Like the two related posts up the top i’m interested in running VI in a streaming context. Regarding the initialisation of ed.KLqp I have a few confusions

Is the scale parameter only relevant if one uses inference.run at first with N > M training data points.

Is n_samples only relevant if one uses an inference. run. call? I.e. if from the beginning if you have a large amount of data to train first on, and then the model is exposed to completely new data in a streaming situation. If not where does this fit in

In the case of having no data initially, and then acquiring data accumulating into buffers of size M, is it enough to simply have N=M giving a scale of 1 ?

To some degree, yes.
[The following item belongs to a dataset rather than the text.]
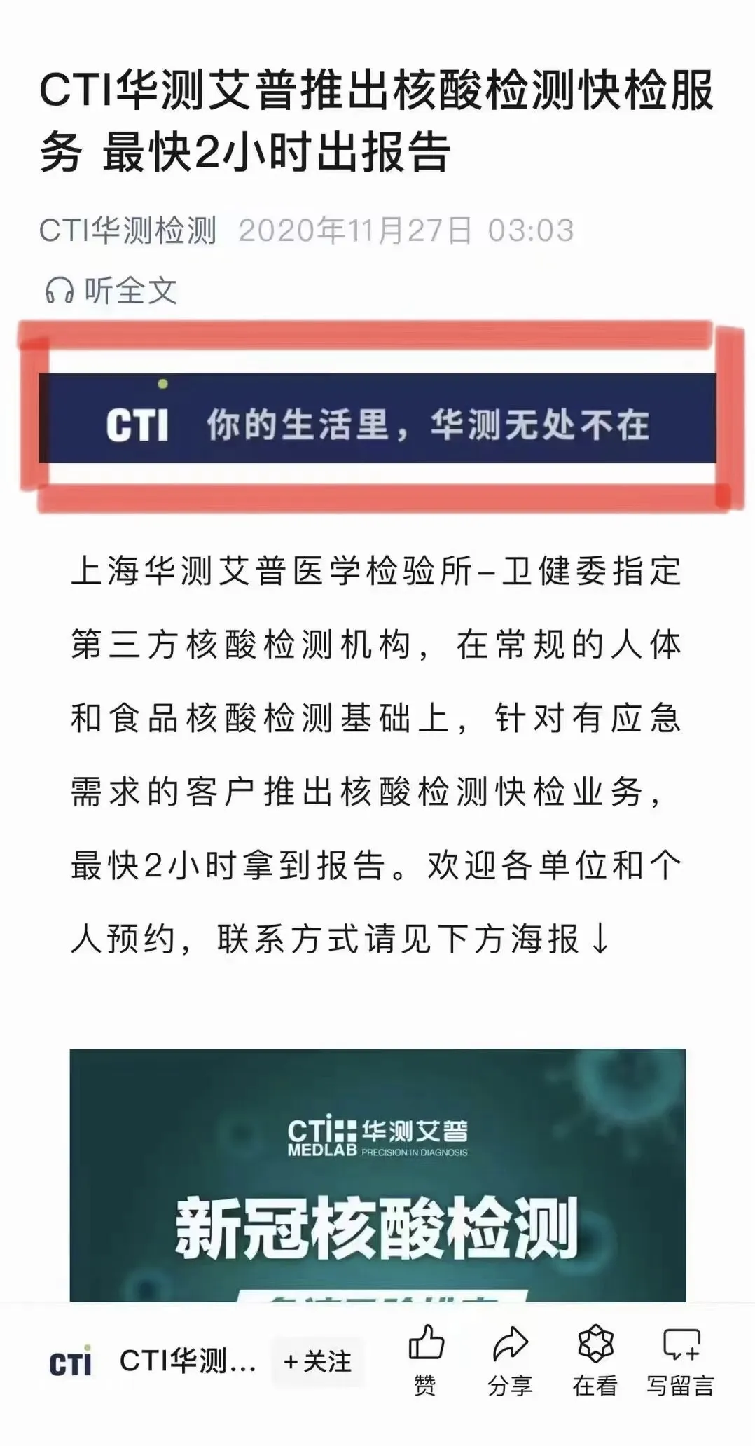 那个时候,华测检测占有相当的核酸检测市场份额,几乎哪里有疫情,哪里就有华测检测的身影。它不仅政策精通,信息快捷,而且最先推出核酸检测快检服务,最快2小时出报告。

It’s used generally to scale any computation with respect to the random variables. For example, you might use it for masking.

n_samples is an algorithm hyperparameter in ed.KLqp, representing the number of samples to estimate the gradient of the loss function. It is always relevant whenever running the algorithm.

That would only work if after each streaming batch, you re-set the prior distribution to be the inferred posterior from the batch. Otherwise, imagine you had a billion streaming points, with a batch size of 1; without scaling the likelihood by 1 million, the prior overwhelms the likelihood so the posterior will not differ much from the prior.